#### EXTRACTED MATERIAL ####
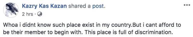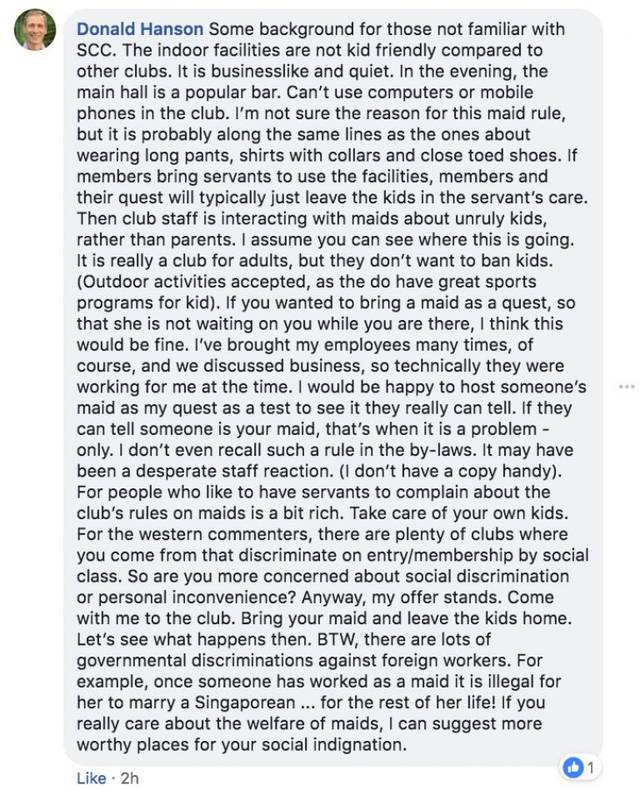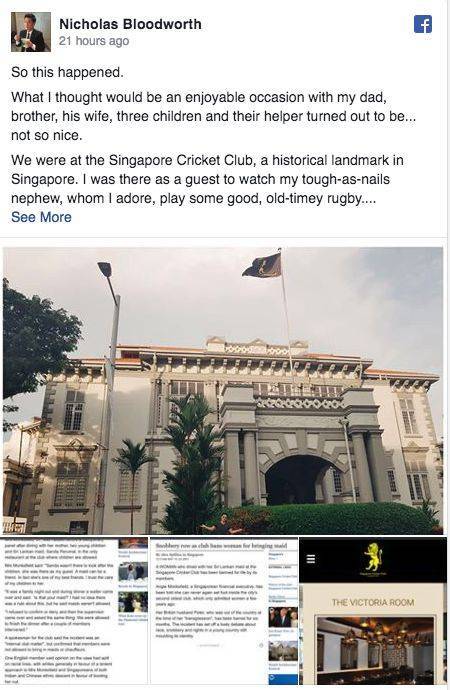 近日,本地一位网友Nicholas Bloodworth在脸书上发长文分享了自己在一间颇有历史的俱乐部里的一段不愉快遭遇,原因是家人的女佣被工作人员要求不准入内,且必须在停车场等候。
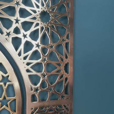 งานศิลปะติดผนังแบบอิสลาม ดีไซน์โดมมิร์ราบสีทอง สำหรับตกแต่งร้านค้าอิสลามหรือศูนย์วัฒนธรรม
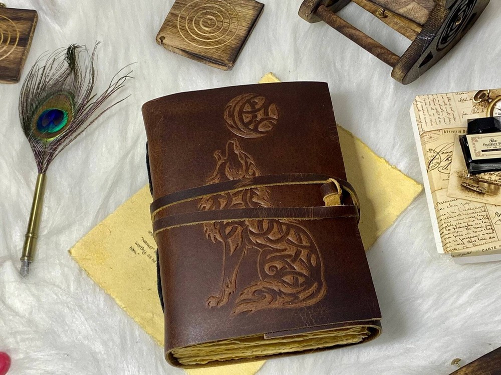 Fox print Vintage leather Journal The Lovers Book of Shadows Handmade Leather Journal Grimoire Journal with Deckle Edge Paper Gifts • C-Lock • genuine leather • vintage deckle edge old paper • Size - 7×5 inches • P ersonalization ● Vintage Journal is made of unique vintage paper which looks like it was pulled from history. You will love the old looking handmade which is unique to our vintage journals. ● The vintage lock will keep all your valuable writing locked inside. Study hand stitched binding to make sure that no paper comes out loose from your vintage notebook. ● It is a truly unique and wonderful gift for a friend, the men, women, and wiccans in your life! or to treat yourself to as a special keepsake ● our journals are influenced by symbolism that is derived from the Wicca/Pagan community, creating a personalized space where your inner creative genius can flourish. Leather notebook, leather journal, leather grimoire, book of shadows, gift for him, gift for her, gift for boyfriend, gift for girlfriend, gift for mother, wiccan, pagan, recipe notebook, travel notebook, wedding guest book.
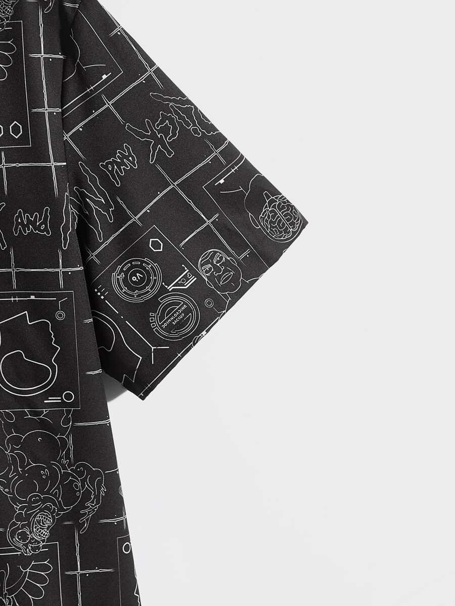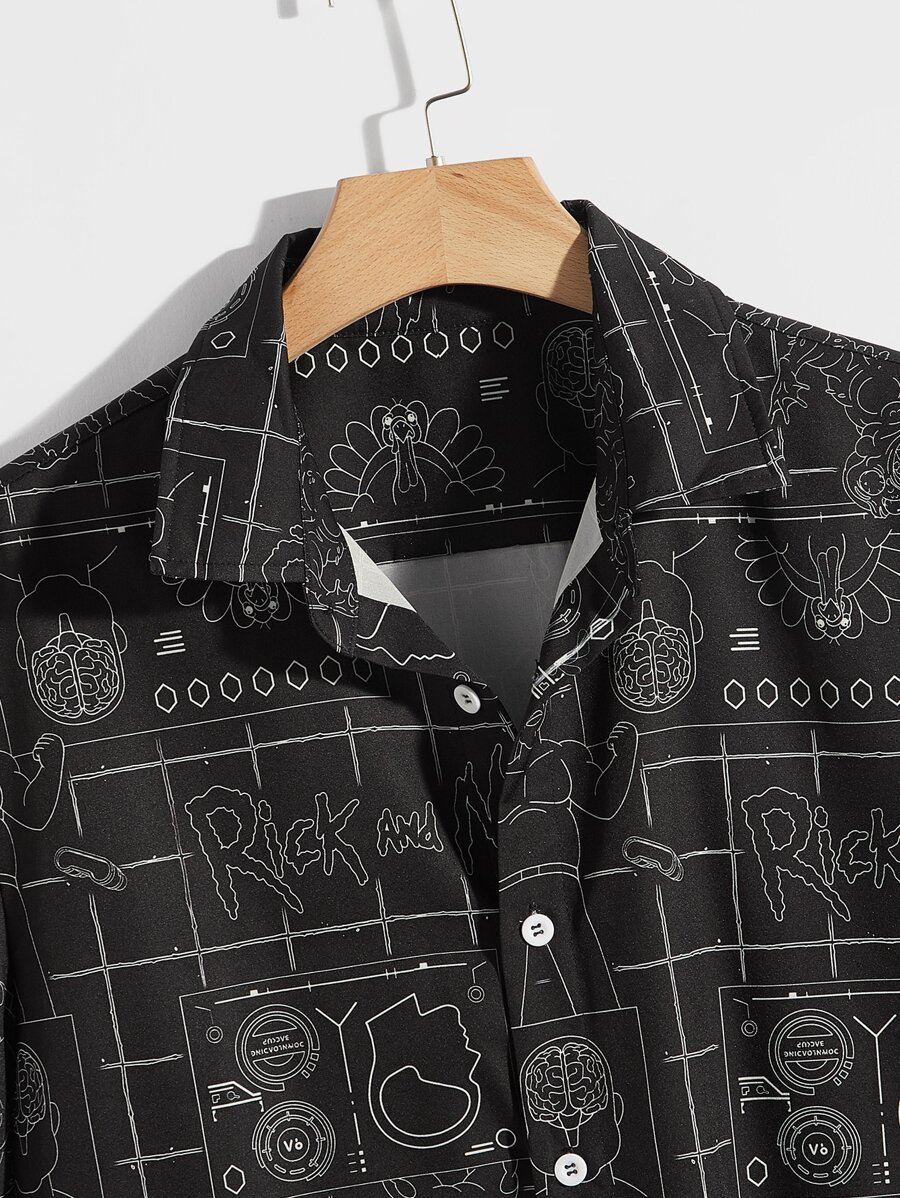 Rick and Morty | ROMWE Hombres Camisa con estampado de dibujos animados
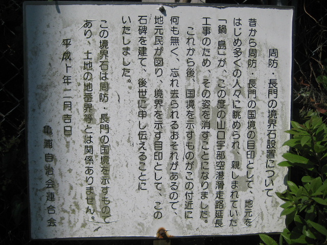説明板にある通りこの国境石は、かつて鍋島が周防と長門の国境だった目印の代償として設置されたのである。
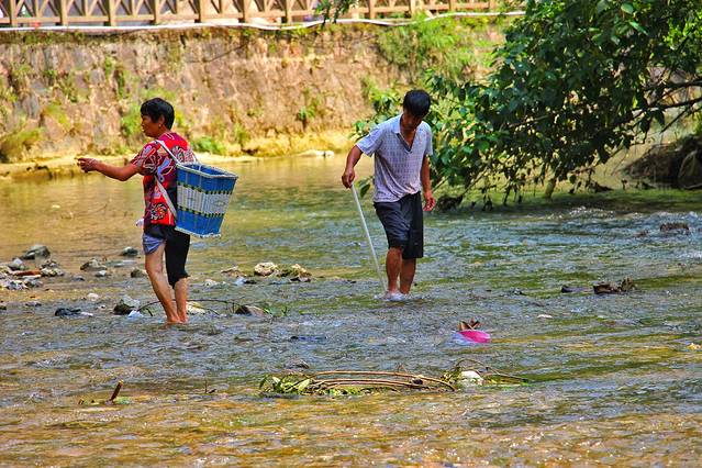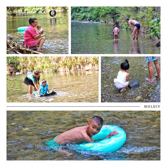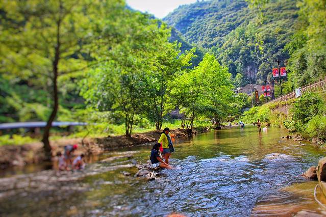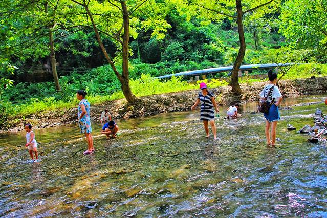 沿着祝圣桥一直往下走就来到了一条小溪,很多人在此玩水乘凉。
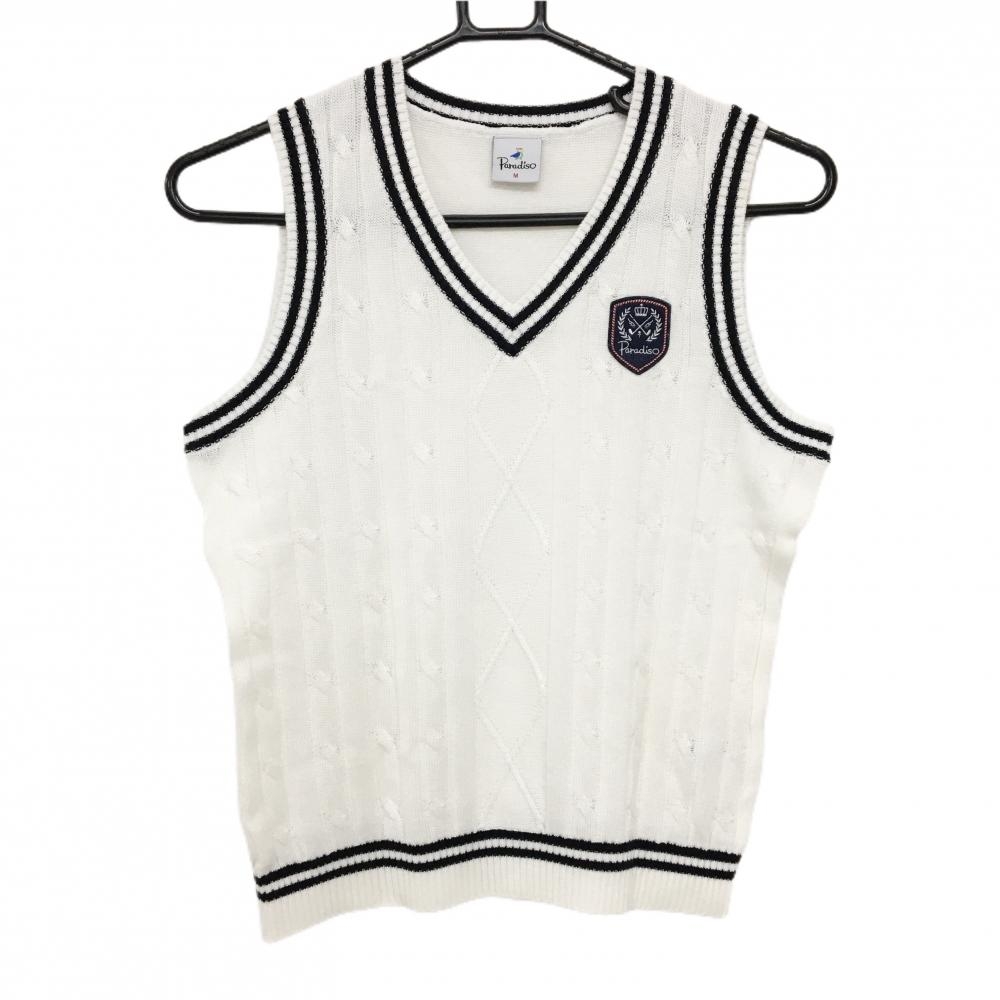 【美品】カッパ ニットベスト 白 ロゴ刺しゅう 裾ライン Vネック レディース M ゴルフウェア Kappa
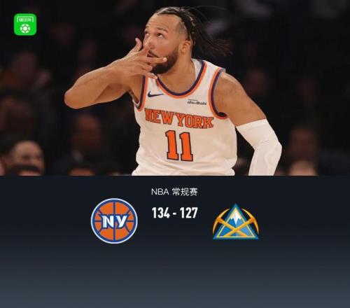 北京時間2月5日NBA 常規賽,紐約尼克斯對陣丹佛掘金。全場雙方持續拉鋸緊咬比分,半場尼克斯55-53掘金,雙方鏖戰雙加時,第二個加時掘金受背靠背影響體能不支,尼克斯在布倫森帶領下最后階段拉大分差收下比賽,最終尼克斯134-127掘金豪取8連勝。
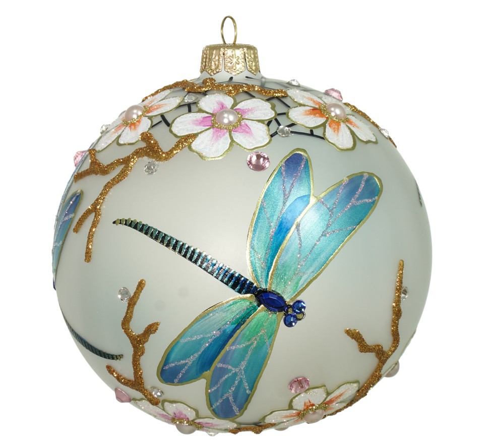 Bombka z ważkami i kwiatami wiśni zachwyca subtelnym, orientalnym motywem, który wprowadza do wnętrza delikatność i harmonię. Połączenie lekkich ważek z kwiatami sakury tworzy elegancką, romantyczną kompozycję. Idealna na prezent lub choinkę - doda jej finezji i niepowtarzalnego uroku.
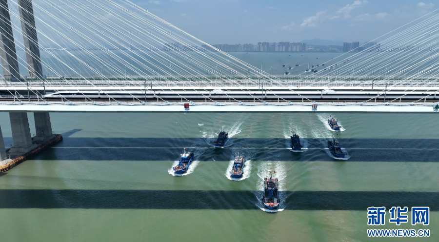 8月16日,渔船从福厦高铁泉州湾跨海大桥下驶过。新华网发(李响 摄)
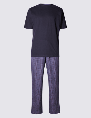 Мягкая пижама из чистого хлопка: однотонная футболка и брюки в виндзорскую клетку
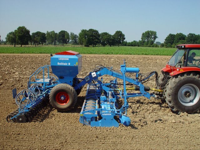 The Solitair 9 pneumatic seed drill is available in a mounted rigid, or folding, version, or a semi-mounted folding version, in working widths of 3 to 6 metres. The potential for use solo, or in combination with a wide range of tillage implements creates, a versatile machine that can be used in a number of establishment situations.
####
▶ [WHAT THE TASK ASKS] Copy nothing outside the span: please output the lines from the one with "北京時間2月5日NBA 常規" through the end of the entries above, and skip the pictures.

▶ [EXERCISE ANSWER]
 北京時間2月5日NBA 常規賽,紐約尼克斯對陣丹佛掘金。全場雙方持續拉鋸緊咬比分,半場尼克斯55-53掘金,雙方鏖戰雙加時,第二個加時掘金受背靠背影響體能不支,尼克斯在布倫森帶領下最后階段拉大分差收下比賽,最終尼克斯134-127掘金豪取8連勝。
 Bombka z ważkami i kwiatami wiśni zachwyca subtelnym, orientalnym motywem, który wprowadza do wnętrza delikatność i harmonię. Połączenie lekkich ważek z kwiatami sakury tworzy elegancką, romantyczną kompozycję. Idealna na prezent lub choinkę - doda jej finezji i niepowtarzalnego uroku.
 8月16日,渔船从福厦高铁泉州湾跨海大桥下驶过。新华网发(李响 摄)
 Мягкая пижама из чистого хлопка: однотонная футболка и брюки в виндзорскую клетку
 The Solitair 9 pneumatic seed drill is available in a mounted rigid, or folding, version, or a semi-mounted folding version, in working widths of 3 to 6 metres. The potential for use solo, or in combination with a wide range of tillage implements creates, a versatile machine that can be used in a number of establishment situations.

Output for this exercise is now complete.